Tables 3 and 4 present the associations between nutrient patterns and clinical malaria and anaemia, respectively. In Model 3, there were non‐significant associations between quartiles of the ‘fibre‐and micronutrient’ pattern and clinical malaria. Likewise, a 1‐SD increase in the ‘fibre‐ and micronutrient’ pattern score was not associated with clinical malaria. However, the ‘fat and vitamin A’ pattern showed a significant inverse association with clinical malaria (Q3 OR: 0.50, 95% CI: 0.26–0.96, p = 0.036) in Model 3 (Table 3). Yet, this association was non‐linear with the lowest number of cases in quartile 3. Table 4 shows that neither the ‘fibre‐ and micronutrient’ pattern nor the ‘fat and vitamin A' pattern was associated with anaemia.

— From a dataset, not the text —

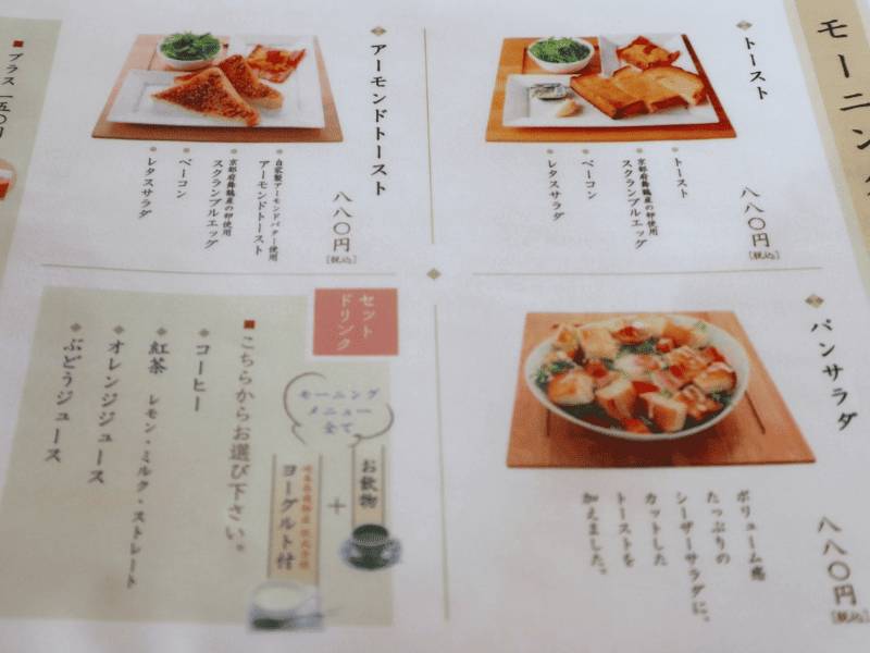 モーニングメニューは9時から11時、ちょっぴり遅めのモーニングタイムです。

TABLE 4: Associations of nutrient patterns with anaemia (Hb < 11 g/dL) among 452 children living in the Nouna HDSS area.
Discussion
4
In this study, we examined the associations of climate‐sensitive nutrient patterns with clinical malaria and anaemia among 452 young children in rural Burkina Faso. This cross‐sectional analysis revealed that 25.0% of the children had clinical malaria, and anaemia was present in 88.5%. Two nutrient patterns were identified using PCA: the ‘fibre and micronutrient’ pattern (accounting for a 48.9% variation in nutrient intakes) and the ‘fat and vitamin A’ pattern (accounting for a 29.6% variation in nutrient intakes). Higher adherence to the ‘fat and vitamin A’ pattern was associated with a reduced chance of clinical malaria (OR Q3 vs. Q1: 0.50, 95% CI: 0.26, 0.96). This association was non‐linear and plateaued in quartile 3. No association was seen with anaemia. Also, for the ‘fibre and micronutrient’ pattern, no statistically significant associations were observed, neither with clinical malaria nor with anaemia.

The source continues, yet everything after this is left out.